Dopo La Caduta è uno dei drammi più controversi (e meno apprezzati) di Arthur Miller in cui un intellettuale riflette sul fallimento del proprio matrimonio e del suicidio della propria ex-moglie (i riferimenti alla sua vita con Marilyn Monroe sono fin troppo evidenti). Perché mi è venuto in mente la mattina del 26 giugno, mentre in Spagna stanno iniziando le operazioni di voto, nelle capitali europee si succedono concitate riunioni tra Capi di Stato e Capi di Governo, la finanza e le banche attendono con ansia la riapertura dei mercati lunedì 27 giugno, in Gran Bretagna si firmano petizioni per un nuovo referendum nella speranza che fornisca risultati opposti a quello del 23 giugno?
Il vecchio play del 1964 messo in scena da Elia Kazan mi è tornato alla mente perché l’Europa ha oggi, come non mai, l’esigenza su una riflessione su dove vuole andare nelle circostanze del secondo decennio del ventunesimo secolo, molto differenti da quelle in cui nel 1944, Eugenio Colorni, Altiero Spinelli ed Ernesto Rossi hanno scritto, nel confino di Ventotene, il Manifesto per un’Europa federale come obiettivo per superare le guerre che avevano insanguinato il Continente vecchio.
Tra Brexit, possibile Grexit, tracollo dei partiti tradizionali, crescita dei movimenti non convenzionali, quella che un tempo veniva chiamata la classe dirigente europea non dirige più nulla. Anche se eletta dal popolo sovrano, a essa lo stesso popolo sovrano che l’ha votata risponde con rabbia e frustrazione. Anche se vuole andare avanti verso un’unione ever closer, come delineato nei trattati ratificati dai 38 Parlamenti (solo il Belgio ne ha sette) dei 28 Stati membri, non sa come farlo.
Dopo aver promesso, sedici anni fa, l’area economica “più dinamica e più prospera dell’economia mondiale” ha perso negli ultimi otto anni il 20% circa del Pil, è minacciata da una stagnazione secolare, assediata da milioni di migranti, posta a rischio da un terrorismo ormai capillare, alle prese di con diseguaglianze ed esclusioni sociali sempre più gravi. È, quindi, in una situazione non sostenibile. Non può neanche tornare indietro perché si è avviluppata in una rete di lacci, nodi e catene (i cosiddetti acquis communautaires) sempre più contorta, oltre che sempre più stretta. Per queste ragioni, c’è uno scollamento sempre più grave tra la classe dirigente e una proporzione crescente della popolazione europea.
Se l’Unione europea vuole sopravvivere (evitando un progressivo sgretolamento) deve mutare obiettivi (i soli e i veri elementi di coesione) e assetto istituzionale.
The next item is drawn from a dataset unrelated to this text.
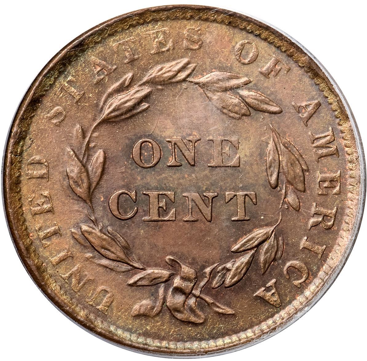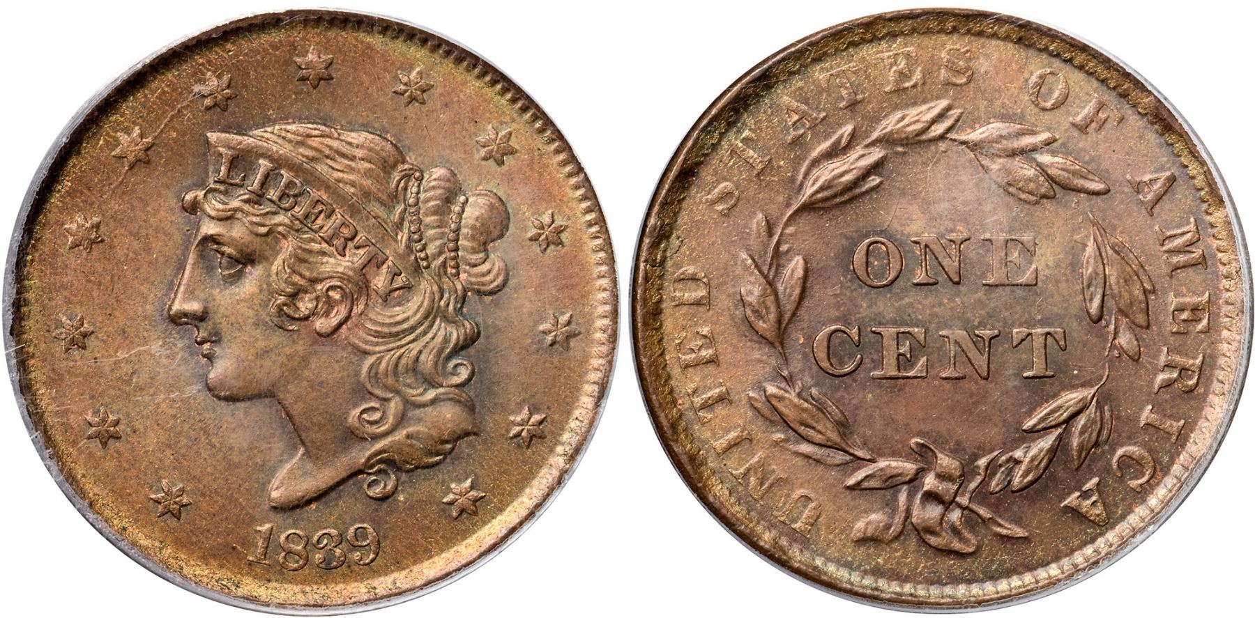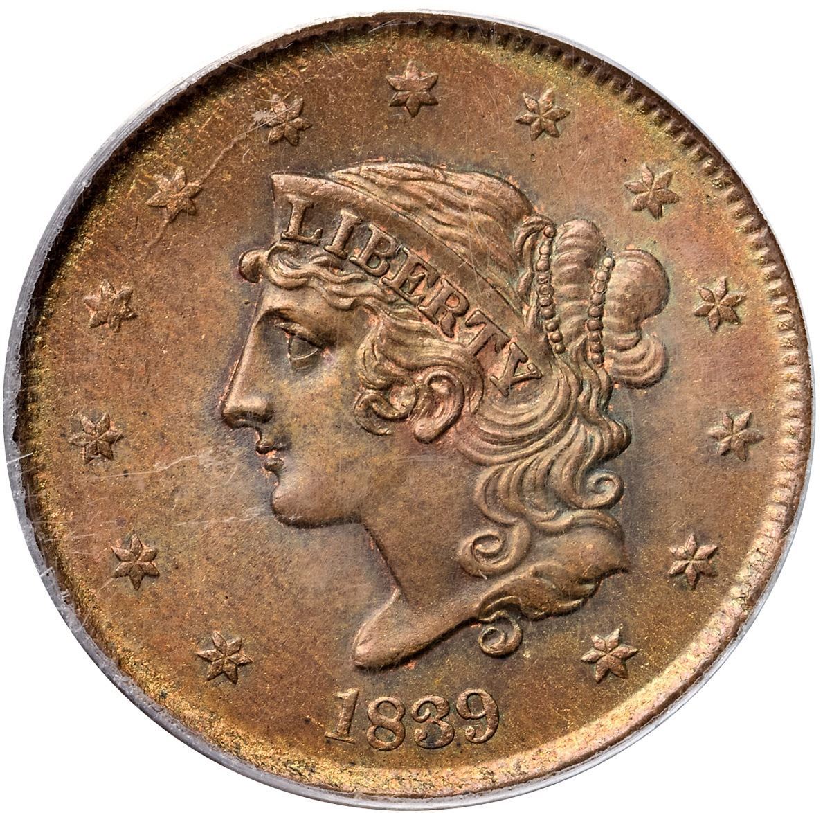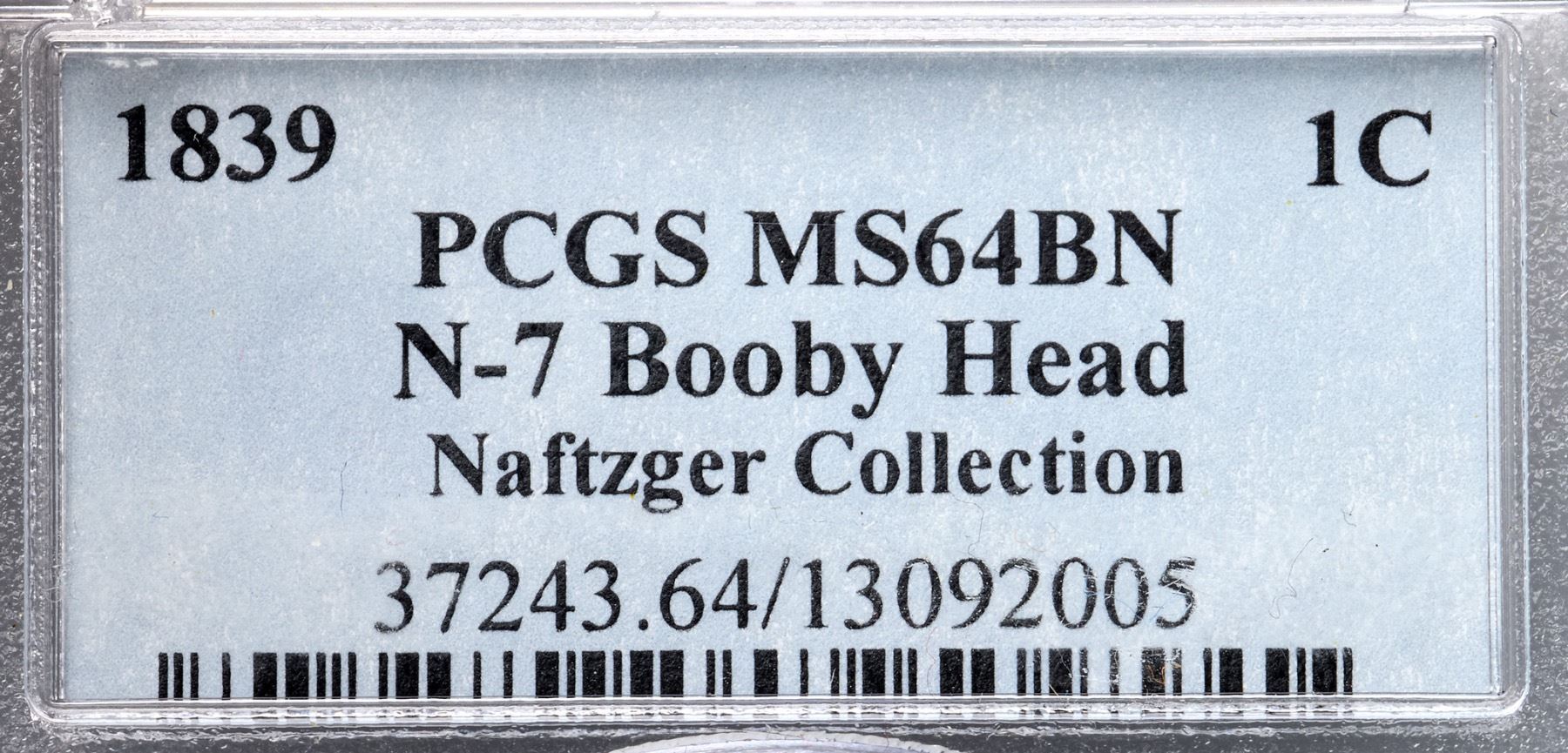 1839 N-7 R2 Booby Head, PCGS graded MS64 BrownFrosty golden brown and light bluish steel with subtle overtones of sea green and peeps of mint color in the protected areas on both sides. No spots, stains, or contact marks, but there are many microscopic planchet flakes in and near the dentils on both sides. A faint planchet lamination at the dentils just right of the D in UNITED can help identify this cent. M-LDS, die state c. The die cracks on the obverse are clear and die clashmarks show inside the wreath including an impression of the inner ear over the N in CENT. Called MS63 and tied for CC#3 in the Noyes census, his photo #27000. Bland says MS64 and CC#2. Our grade is MS63.Certificate Number: 37243.64/13092005Pedigree: Ex Kagin's 2/1982:148 (where misattributed as N-6)-John J. Nicholas, Superior 2/2/1992:619-R. E. "Ted" Naftzger, Jr.-Naftzger Estate, McCawley & Grellman Auctions/Goldbergs 2/1/2009:455-Chris McCawley 2013-Terry S. Denman Collection

Alle generazioni che oggi hanno quaranta o anche cinquanta anni, l’utopia di Colorni, Spinelli e Rossi e le iniziative di Monnet, Adenauer, Schumann, De Gasperi per dare a esse corpo, non significano nulla. Mordono invece la disoccupazione, l’angoscia per il presente e il futuro di se stessi e dei propri figli, la fine dell’ascensore sociale, l’insicurezza personale, un’immigrazione in continua crescita (a ragione di inarrestabili pressioni demografiche). E via discorrendo.
Dopo la caduta (la Brexit e i successi elettorali dei movimenti antisistemici, populistici, euroscettici e anti-europei), gli Stati europei devono trovare una nuova base di obiettivi comuni e di consenso che guardi ai problemi di oggi (non a quelli di settanta anni fa) e alle prospettive delle nuove generazioni.
Potrebbe essere una serie di accordi intergovernativi sui temi indicati in precedenza, tra gruppi di Stati oggi aderenti all’Ue, quindi a geometria variabile. Un’Ue profondamente riformata nel suo quadro istituzionale potrebbe fare da cornice a tali accordi intergovernativi e assicurarne l’attuazione. Indubbiamente – non facciamoci illusioni – il Paese che meglio ha retto alla crisi e ha maggiore potenziale economico (la Repubblica Federale Tedesca) avrebbe maggiori responsabilità di altri e ne assumerebbe la leadership.
Non facciamoci, però, illusioni. La Germania di oggi ha, nel consesso europeo, un ruolo e un dilemma analogo a quello della Germania di Bismarck: da un lato, è tanto grande che ogni sua mossa si riverbera su tutto il consesso, da un altro, non è abbastanza grande da prendersi carico, da sola, di tutti i problemi europei.